Exactly as written, please repeat the data that follows, but not the pictures.

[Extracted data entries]
···
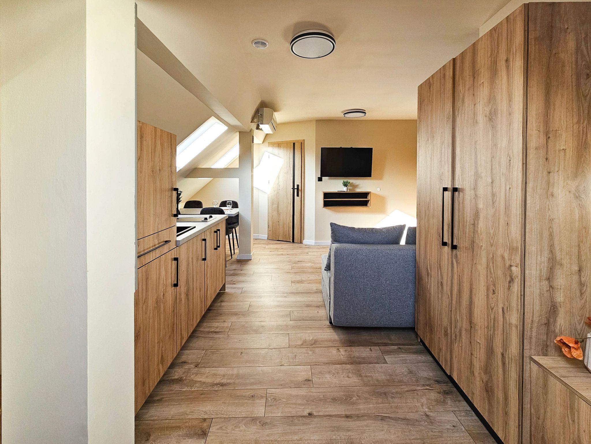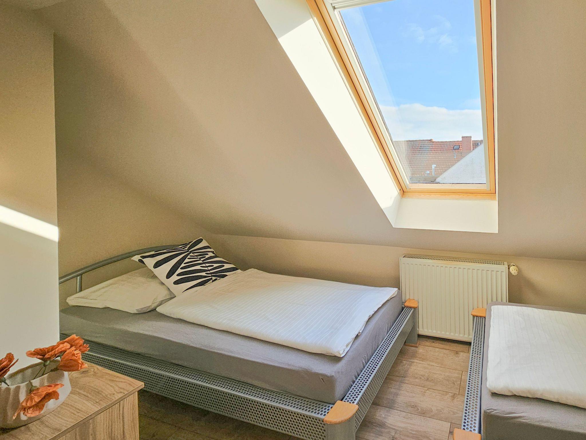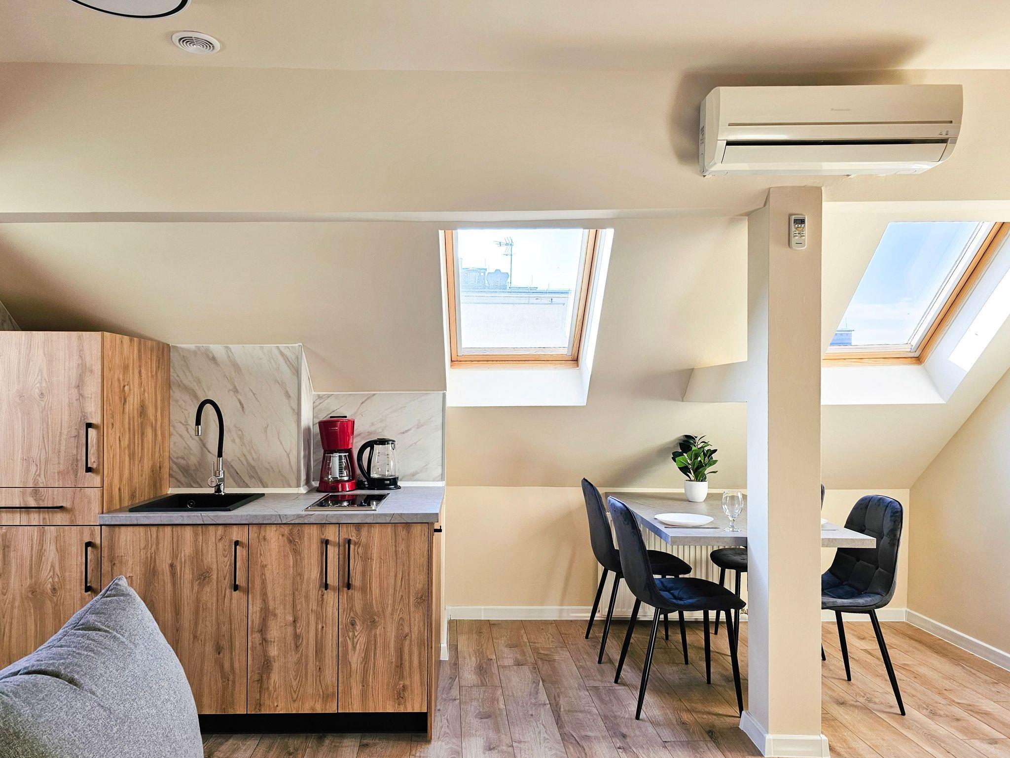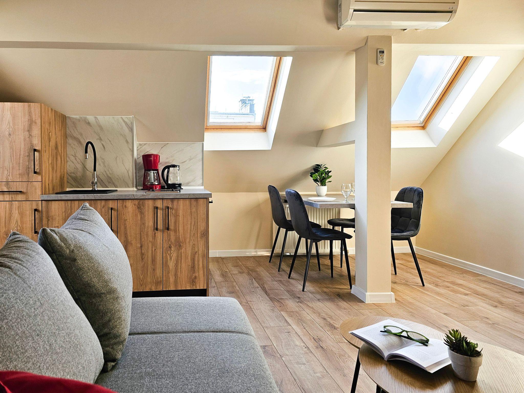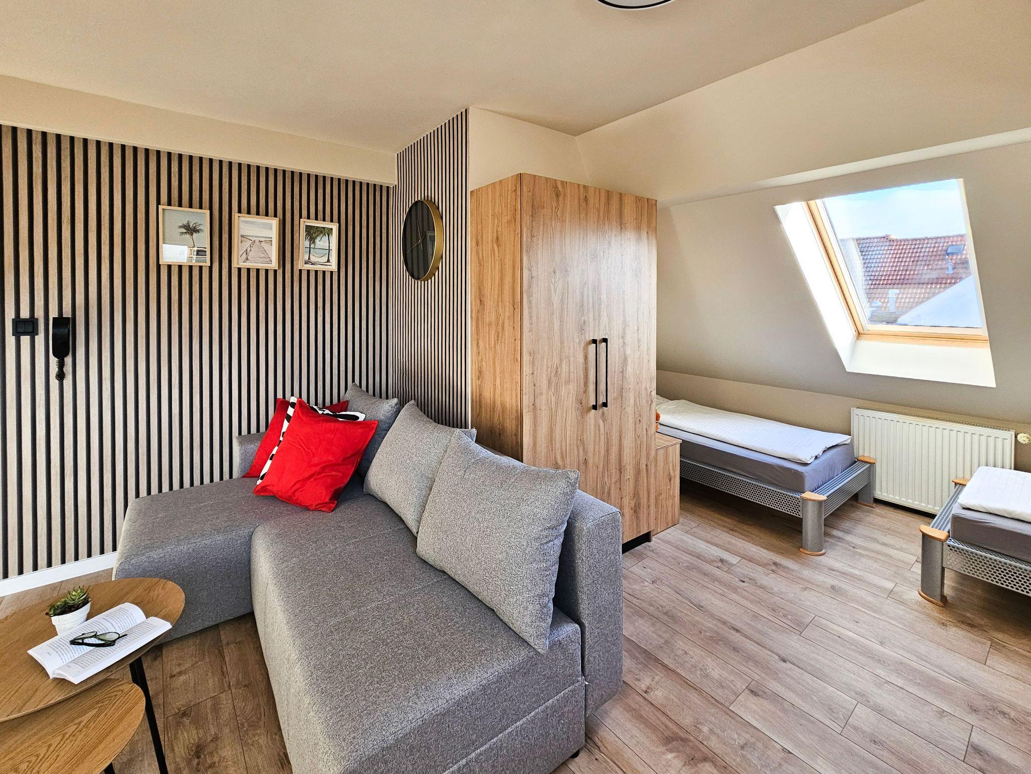 Das Studio-Apartment (32 m² mit Schrägen) befindet sich im 4. Stock (Dachgeschoss) eines mit einem Fahrstuhl ausgestatteten Gebäudes. Der Fahrstuhl fährt bis zum dritten Stock, für die eine Etage muss man die Treppe nutzen, um zu der Wohnung zu gelangen. Sie besteht aus einem Raum mit Küchenzeile und einem Badezimmer mit WC und Dusche. Den Gästen stehen zwei Einzelbetten, welche sich an den Schrägen befinden, mit Matratzen (90x200cm) und ein Klappsofa (140x190cm nach dem Ausklappen) zur Verfügung. Die Wohnung besitzt ebenfalls ein Esstisch mit 3 Stühlen, ein Couchtisch, eine Kommode, ein Fernseher, einen kleinen Kleiderschrank und eine Klimaanlage. Die im Zimmer vorhandenen Dachfenster sind mit Jalousien ausgestattet und nach Südosten gerichtet, während das Badezimmerfenster nach Westen gerichtet ist. WLAN ist verfügbar. Der Parkplatz ist nicht garantiert.Das Auto kann man auf der Straße parken, gebührenpflichtig (ganzjährig kostenpflichtige Parkzone). Ein bewachter, kostenpflichtiger Parkplatz ist etwa 350m von der Wohnung entfernt. Haustiere sind nicht erlaubt.
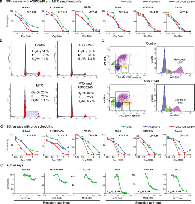 Figure 5: AS605240 showed an antagonistic interaction with MTX, which could be successfully circumvented by means of proper drug scheduling. (a) AS605240 shows an antagonistic interaction with MTX when drugs are administered concomitantly. MTT assay of T-ALL cell lines treated for 96 h with several ratios of the IC50 values of AS605240, MTX or both. Combination index (CI) values are indicated. Synergistic interaction, CI < 0.9; additive interaction, 0.9 < CI < 1.1; antagonistic interaction, CI > 1.1. (b) AS605240 reduces the percentage of cells in S and completely abrogates MTX-induced S-phase arrest. Molt-4 cells were incubated with the IC50 values of AS605240 and/or MTX for 24 h, propidium iodide stained and analyzed by flow cytometry. (c) AS605240 reduces BrdU nucleotide incorporation, as shown by reduced anti-BrdU fluorescence intensity of S-phase cells (pink) in Jurkat, P12-ICHIKAWA and Molt-4 cells. Cell lines were treated with AS605240 IC50 value for 24 h. Representative plots of P12-ICHIKAWA cells are shown. (d) AS605240 shows an additive/synergistic interaction with MTX when the PI3K inhibitor is added 48 h after those drugs (4 out of 7 cell lines tested) in a 96 h MTT assay. (e) MTT assay of T-ALL cell lines treated for 48 h with increasing concentration of MTX. IC50 values were calculated with the GraphPad Prism 5 software.
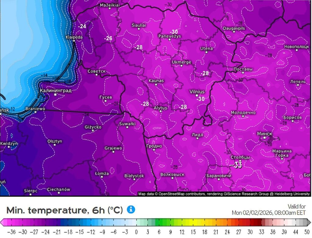 Šį savaitgalį Lietuvą užplūs itin šalti orai – prognozuojama, kad naktį iš šeštadienio į sekmadienį ir naktį iš sekmadienio į pirmadienį vietomis gali būti fiksuojamas speigas (-30 °C). Didžiausia to tikimybė tikėtina pirmadienį anksti ryte.
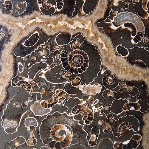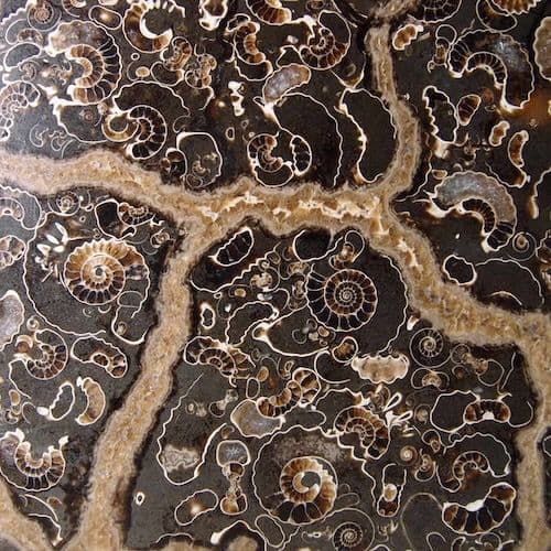 ‘Marston marble’ is one of Britain’s rarest rocks. It occurs in nodules which, when broken open, are seen to be crowded with small ammonites tightly packed together. It is very attractive when cut and polished.
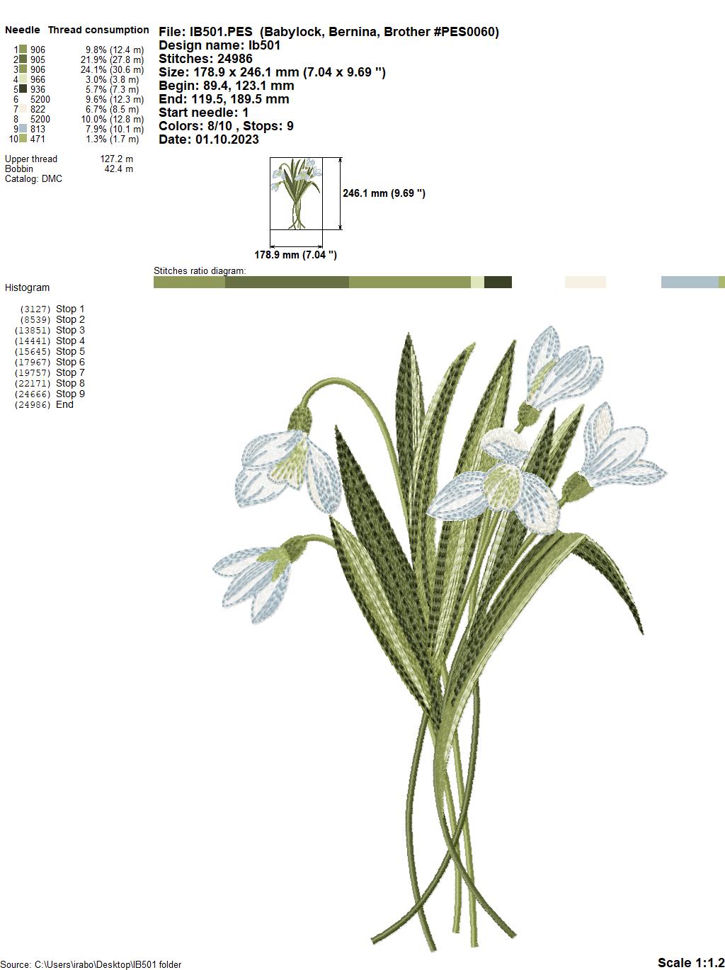 Размер дизайна Подснежники 1: 152,7Х210,1мм (6.01Х8.27 дюймов)
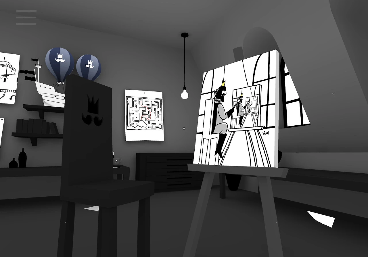 처음에는 바닥과 벽 밖에 나타나지 않아 미로 속에 갇힌 건가 싶은데 시간이 지나면서 벤치나 나무, 언덕, 호수, 심지어는 개구리까지 나타납니다. 그렇게 순백의 캔버스 위에 검은 물감을 던지며 백조의 흔적을 쫓아가다가 뒤를 돌아보면 어느새 마치 한 폭의 수묵화 같은 풍경이 완성되어 있습니다. 굉장히 짜릿한 순간이었어요.
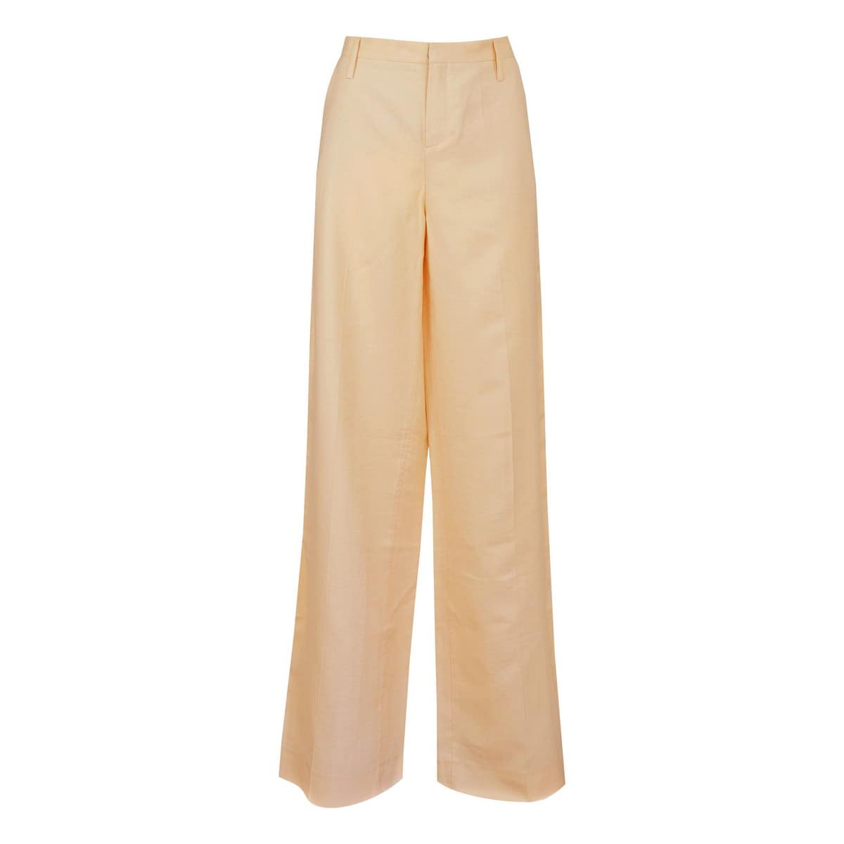 Palazzo pantalon van MAC, model Hype. Deze licht beige pantalon heeft een hoge taille met een elegante wijde broekspijpen. De broek heeft een haakje, knoop- en ritssluiting met twee steekzakken en twee sier paspelzakken aan de achterzijde.
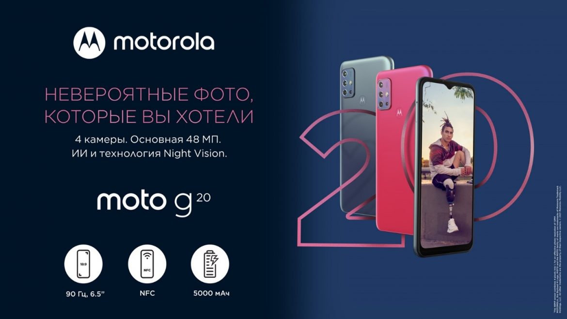 На российском рынке стартовали продажи новой модели смартфона Motorola moto g20, как и предыдущие модели линейки производитель делает упор на передовые возможности камеры. Рекомендованная розничная цена составит почти 12 тыс. рублей, а в период с 22 по 31 октября приобрести смартфон можно будет по сниженной цене в 9990 рублей.
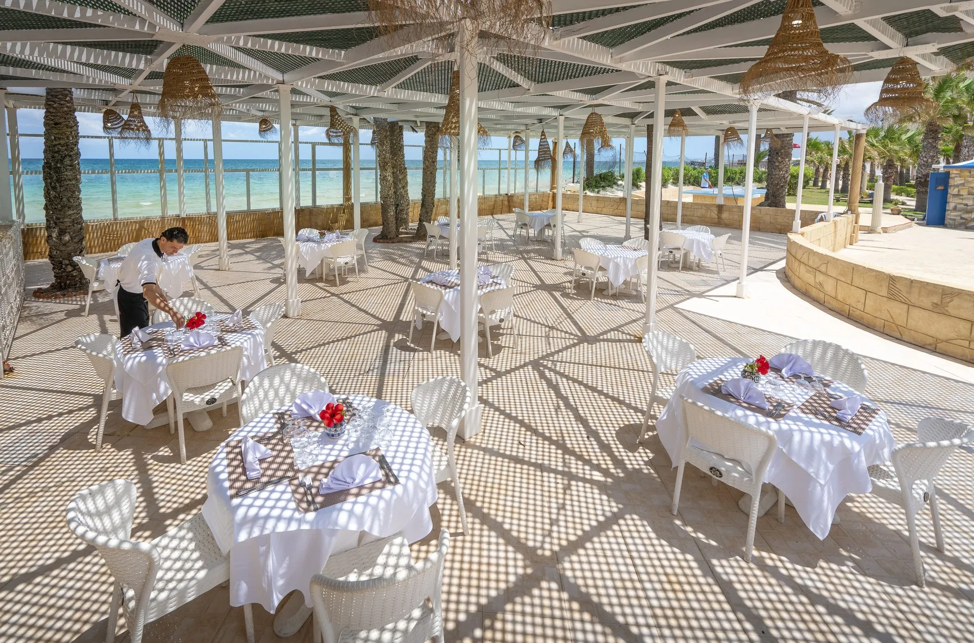 About 150 m from a beach lies the hotel Houda Golf Beach & Aquapark Hotel. The city centre is around 10 km away. On the beach are cushions and sun umbrellas available. The hotel is equipped with a reception (check-in is possible around the clock), Wi-Fi as well as a lift. Furthermore, you can relax outdoors on the terrace and in the garden. Guests at the accommodation can get a wake-up call from the hotel personnel. Visa is accepted as means of payment. Catering As catering services the hotel offers all-inclusive. Dinner is served as a buffet. When booking all-inclusive, one welcome drink and one meal in the à la carte restaurant are included. In the gastronomic area also vegetarian dishes are served. The drinks menu of the hotel includes soft drinks. Distances
···
* EXERCISE SOLUTION:
 Das Studio-Apartment (32 m² mit Schrägen) befindet sich im 4. Stock (Dachgeschoss) eines mit einem Fahrstuhl ausgestatteten Gebäudes. Der Fahrstuhl fährt bis zum dritten Stock, für die eine Etage muss man die Treppe nutzen, um zu der Wohnung zu gelangen. Sie besteht aus einem Raum mit Küchenzeile und einem Badezimmer mit WC und Dusche. Den Gästen stehen zwei Einzelbetten, welche sich an den Schrägen befinden, mit Matratzen (90x200cm) und ein Klappsofa (140x190cm nach dem Ausklappen) zur Verfügung. Die Wohnung besitzt ebenfalls ein Esstisch mit 3 Stühlen, ein Couchtisch, eine Kommode, ein Fernseher, einen kleinen Kleiderschrank und eine Klimaanlage. Die im Zimmer vorhandenen Dachfenster sind mit Jalousien ausgestattet und nach Südosten gerichtet, während das Badezimmerfenster nach Westen gerichtet ist. WLAN ist verfügbar. Der Parkplatz ist nicht garantiert.Das Auto kann man auf der Straße parken, gebührenpflichtig (ganzjährig kostenpflichtige Parkzone). Ein bewachter, kostenpflichtiger Parkplatz ist etwa 350m von der Wohnung entfernt. Haustiere sind nicht erlaubt.
 Figure 5: AS605240 showed an antagonistic interaction with MTX, which could be successfully circumvented by means of proper drug scheduling. (a) AS605240 shows an antagonistic interaction with MTX when drugs are administered concomitantly. MTT assay of T-ALL cell lines treated for 96 h with several ratios of the IC50 values of AS605240, MTX or both. Combination index (CI) values are indicated. Synergistic interaction, CI < 0.9; additive interaction, 0.9 < CI < 1.1; antagonistic interaction, CI > 1.1. (b) AS605240 reduces the percentage of cells in S and completely abrogates MTX-induced S-phase arrest. Molt-4 cells were incubated with the IC50 values of AS605240 and/or MTX for 24 h, propidium iodide stained and analyzed by flow cytometry. (c) AS605240 reduces BrdU nucleotide incorporation, as shown by reduced anti-BrdU fluorescence intensity of S-phase cells (pink) in Jurkat, P12-ICHIKAWA and Molt-4 cells. Cell lines were treated with AS605240 IC50 value for 24 h. Representative plots of P12-ICHIKAWA cells are shown. (d) AS605240 shows an additive/synergistic interaction with MTX when the PI3K inhibitor is added 48 h after those drugs (4 out of 7 cell lines tested) in a 96 h MTT assay. (e) MTT assay of T-ALL cell lines treated for 48 h with increasing concentration of MTX. IC50 values were calculated with the GraphPad Prism 5 software.
 Šį savaitgalį Lietuvą užplūs itin šalti orai – prognozuojama, kad naktį iš šeštadienio į sekmadienį ir naktį iš sekmadienio į pirmadienį vietomis gali būti fiksuojamas speigas (-30 °C). Didžiausia to tikimybė tikėtina pirmadienį anksti ryte.
 ‘Marston marble’ is one of Britain’s rarest rocks. It occurs in nodules which, when broken open, are seen to be crowded with small ammonites tightly packed together. It is very attractive when cut and polished.
 Размер дизайна Подснежники 1: 152,7Х210,1мм (6.01Х8.27 дюймов)
 처음에는 바닥과 벽 밖에 나타나지 않아 미로 속에 갇힌 건가 싶은데 시간이 지나면서 벤치나 나무, 언덕, 호수, 심지어는 개구리까지 나타납니다. 그렇게 순백의 캔버스 위에 검은 물감을 던지며 백조의 흔적을 쫓아가다가 뒤를 돌아보면 어느새 마치 한 폭의 수묵화 같은 풍경이 완성되어 있습니다. 굉장히 짜릿한 순간이었어요.
 Palazzo pantalon van MAC, model Hype. Deze licht beige pantalon heeft een hoge taille met een elegante wijde broekspijpen. De broek heeft een haakje, knoop- en ritssluiting met twee steekzakken en twee sier paspelzakken aan de achterzijde.
 На российском рынке стартовали продажи новой модели смартфона Motorola moto g20, как и предыдущие модели линейки производитель делает упор на передовые возможности камеры. Рекомендованная розничная цена составит почти 12 тыс. рублей, а в период с 22 по 31 октября приобрести смартфон можно будет по сниженной цене в 9990 рублей.
 About 150 m from a beach lies the hotel Houda Golf Beach & Aquapark Hotel. The city centre is around 10 km away. On the beach are cushions and sun umbrellas available. The hotel is equipped with a reception (check-in is possible around the clock), Wi-Fi as well as a lift. Furthermore, you can relax outdoors on the terrace and in the garden. Guests at the accommodation can get a wake-up call from the hotel personnel. Visa is accepted as means of payment. Catering As catering services the hotel offers all-inclusive. Dinner is served as a buffet. When booking all-inclusive, one welcome drink and one meal in the à la carte restaurant are included. In the gastronomic area also vegetarian dishes are served. The drinks menu of the hotel includes soft drinks. Distances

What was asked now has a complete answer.